Non-essential amino acids solution, trypan blue solution (0.4% w/v) and CelLytic™ M Cell Lysis, protease inhibitor cocktail, were purchased from Sigma-Aldrich (Sydney, Australia). Other cell culture reagents including trypsin-EDTA solution (2.5g/L trypsin, 0.5g/L EDTA), Dulbecco’s Modified Eagle’s Medium (DMEM, without phenol red and L-glutamine, including sodium bicarbonate and 15mM HEPES), Phosphate buffered saline (PBS), L-glutamine solution (200mM), fetal bovine serum (FBS), Hank’s balanced salt solution (HBSS) were obtained from Invitrogen (Australia).  Transwell cell culture inserts (0.33cm2 polyester, 0.4µm pore size) were purchased from Corning Costar (Lowell, MA, USA) and all other sterile culture plastic wares were from Sarstedt (Adelaide, Australia). All solvents used were of analytical grade and were supplied by Biolab (Victoria, Australia).

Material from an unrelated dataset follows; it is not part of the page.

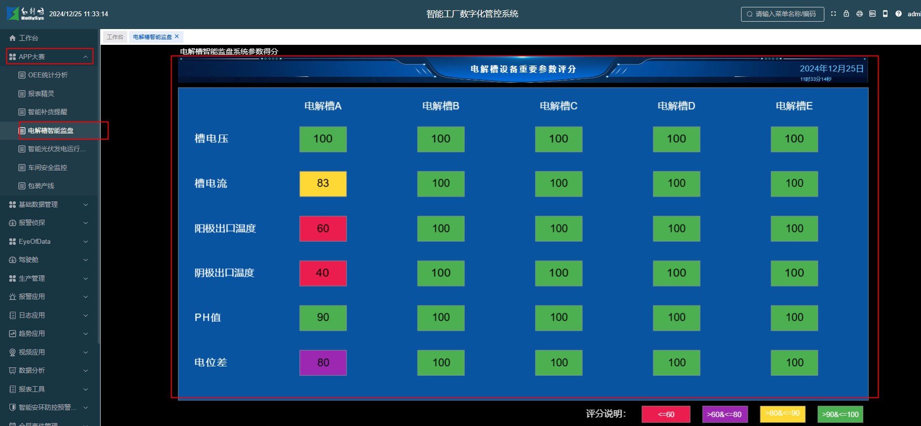 本应用通过获取每个电解槽运行过程中实时的槽电压、槽电流、阳极出口温度、阴极出口温度、PH值、电位差等数据,通过自定义算法,完成电解槽的健康度的计算并打分,这样就可以直观获取每个设备不同指标的实时健康度,及时发现潜在的问题,减少故障发生,提高生产效率,为企业的可持续发展目标提供了有力支持。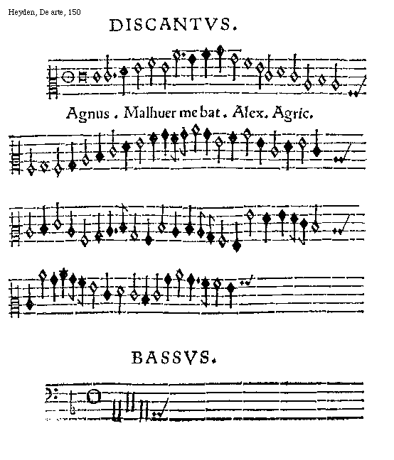 [Heyden, De arte, 150; text: DISCANTVS. Agnus. Malhuer me bat. Alexander Agricola, BASSVS]

2.2 Preparation of liposomal and solution ciprofloxacin

Ciprofloxacin for Inhalation (CFI), 50mg/mL, is an aqueous liposome formulation comprised of lipids and cholesterol.  CFI was prepared by an active loading method via a transmembrane pH gradient, generated in response to an ammonium sulphate gradient [14].  Active loading is a simple and efficient process that has been used successfully for clinical development of several liposome-based drug delivery systems and the process is detailed in literature [25].  In simple terms, the neutral form of ciprofloxacin is membrane permeable, and thus crosses into the aqueous lumen of the liposome. Upon entering the liposome, the ciprofloxacin gains a proton and becomes charged, therefore remaining trapped within the liposome, as it cannot diffuse back across the bilayer in the charged form.  CFI is a unilamellar preparation by design, and of small enough size to allow for sterile filtration during production [26]. Free Ciprofloxacin for Inhalation (FCI), 20 mg/mL, is an acetate-buffered aqueous formulation at pH 3.3.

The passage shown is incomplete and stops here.